There are days where I cannot sit at the loom and throw the shuttle on it’s fixed path. It’s just too linear and predictable for the wilder energy that I am feeling. I have to grab a simple frame loom, some expressive yarn, and experience all the sensations of weaving through my fingertips.
It was snowing gently but persistently when I wove this, but my heart was attuned to the chatter of the finches. Now? Now? They are asking in excited and buzzing tones.
I can weave my nest now because dreams can be nurtured in any season. They hatch when they are ready.
Alas, dear finches, you must wait.
Although I am an indifferent cook, I love to set a cheerful table, even when I dine alone. This placemat is the first in a series I have called Table for One. There are four place mats woven from the same warp, but each has its distinctive style.
This is Maija’s mat, named in honor of the woman who was my big Glimåkra’s first owner. The loom came to me with a box of poppana, rolls of bias cut cotton strip that was made to be used as weft. The bias cut edges give a gentle chenille texture to the finished cloth.
It was an interesting warp, designed with only a vague idea in mind. The threading was for Monks’ Belt, which also gave me plain weave. I took advantage of both.
As the snow falls enthusiastically outside, my mind is actually focused beneath the snow, and beneath the frozen crust of garden soil. I can sense an almost imperceptible stirring. The spring bulbs are awakening, gathering strength for their journey. This is the season for garden catalogs and for living on the cusp between dreams and plans.
It also snowed that Imbolc night in Manhattan when S. and I lead the public ritual. We all sat on the floor, while the lights on the altar flickered above us. Did I really lead a meditation on a spring bulb’s journey toward awakening? I must have, because I remember giving everyone in circle some paperwhite bulbs to take home and grow in a pot on the window sill. It was my farewell gift. I was being called to a more traditional form of practice that is grounded in a direct connection with the land. I knew I couldn’t thrive in a pot on the window sill. I never could.

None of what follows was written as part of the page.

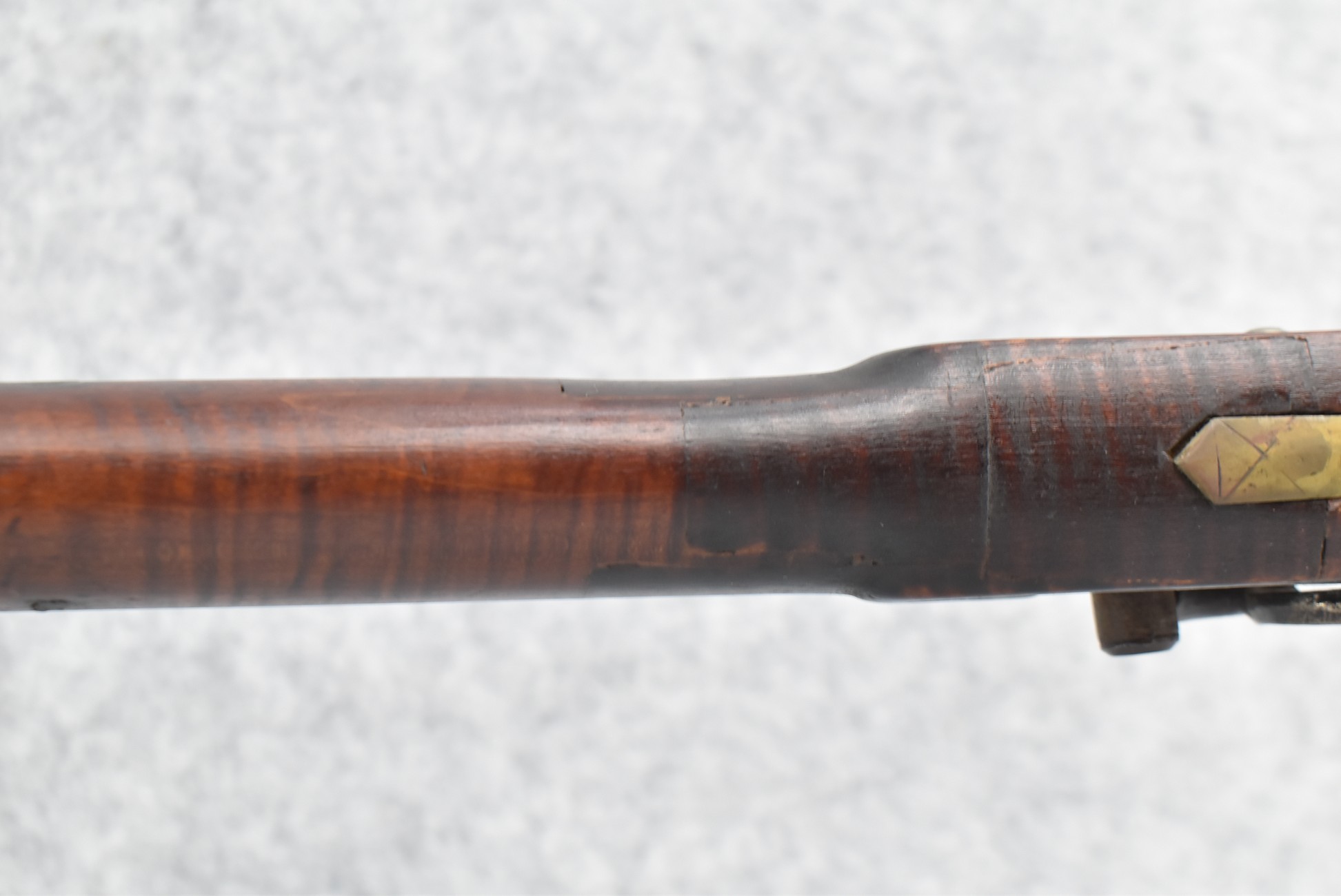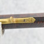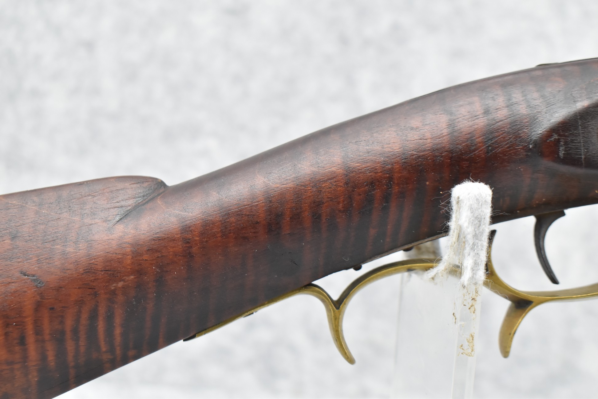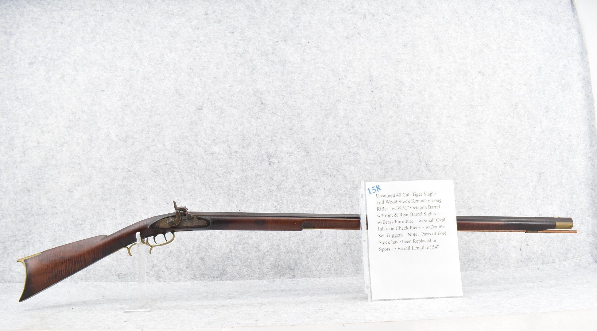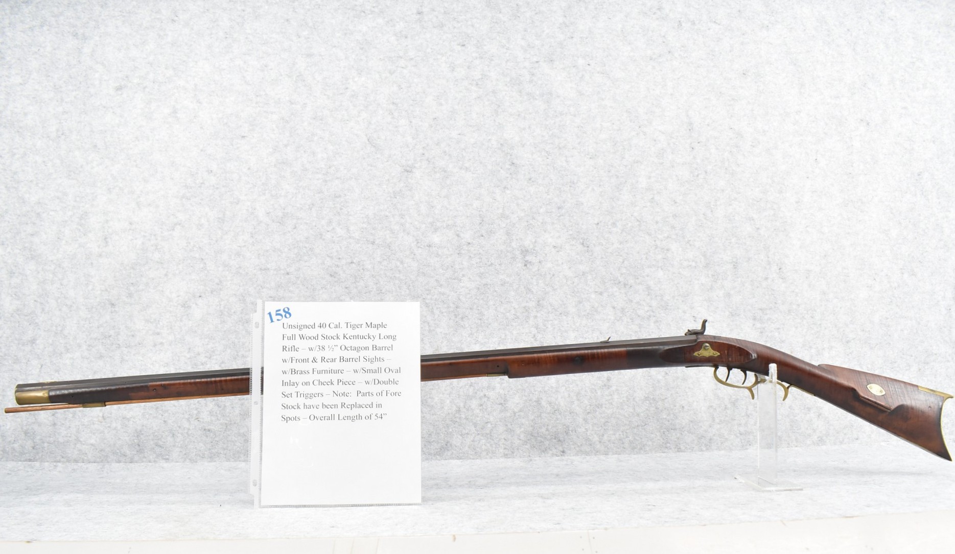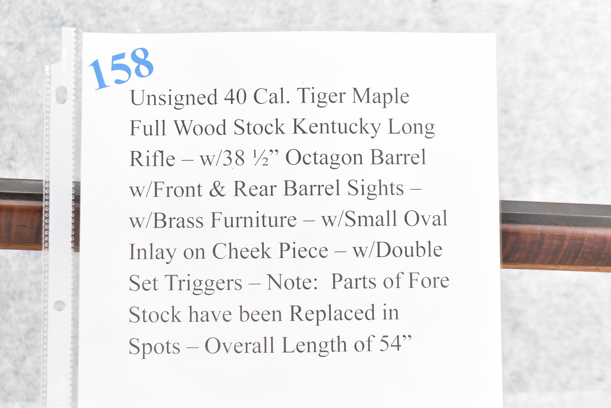 158. Unsigned 40 Cal. Tiger Maple Full Wood Stock Kentucky Long Rifle – w/38 ½” Octagon Barrel w/Front & Rear Barrel Sights – w/Brass Furniture – w/Small Oval Inlay on Cheek Piece – w/Double Set Triggers – Note: Parts of Fore Stock have been Replaced in Spots – Overall Length of 54”

In a few minutes, I will go out and shovel some snow to make room for more snow to fall. Then, I’ll put on my mother’s red cloak, and take up my broom and a pail of milk to give the traditional Imbolc blessing to the land.
May you also be blessed, and remember that, like a spring bulb, you hold within you everything that you need to make your dreams a reality.
I can’t think of a better way to celebrate autumn than by sitting in front of the fireplace at Buttonwood, weaving on my band loom. Nights and mornings are chilly now, and the thick down quilt is a welcome place for the cats and me to snuggle at night. In the morning, the fireplace beckons.
Someday soon, I’ll light the wood furnace, but it’s not quite cold enough.
I’m weaving an indigo and natural linen band to use as handles on a market basket. Next month, I’m taking a workshop to learn to weave the basket. Layer by layer, my life becomes simpler and my material goods more handmade. It takes time to make things by hand, but they last a long time.
Traditionally, the autumn equinox is a time of drawing in the harvest, preparing for the long winter ahead, and tucking away seeds and nuts (yeah, squirrel!). The harvest at Buttonwood is spaciousness. The summer’s crop was unpacked boxes, things put in their rightful places, and especially things released that no longer serve me. I find it fitting that I carried and treasured these things for so many years and in so many places, only to return to my beloved hills where I could let them go.
I will miss these guys when they head south.
They are Sandhill Cranes, infrequent visitors to these New England hills. I have been lucky to share my land with them all summer.
I feel the change of season very strongly in early September. Autumn is teasing and tugging at me, drawing me into darker colors and thoughts of wooly sweaters. When we get the odd warm day, I have to remember that this season is fickle and summer may not want to let go. I was born at this time of year, in the midst of a hurricane. Hurricane Sandy brought me home. It’s an ill wind that blows nobody good.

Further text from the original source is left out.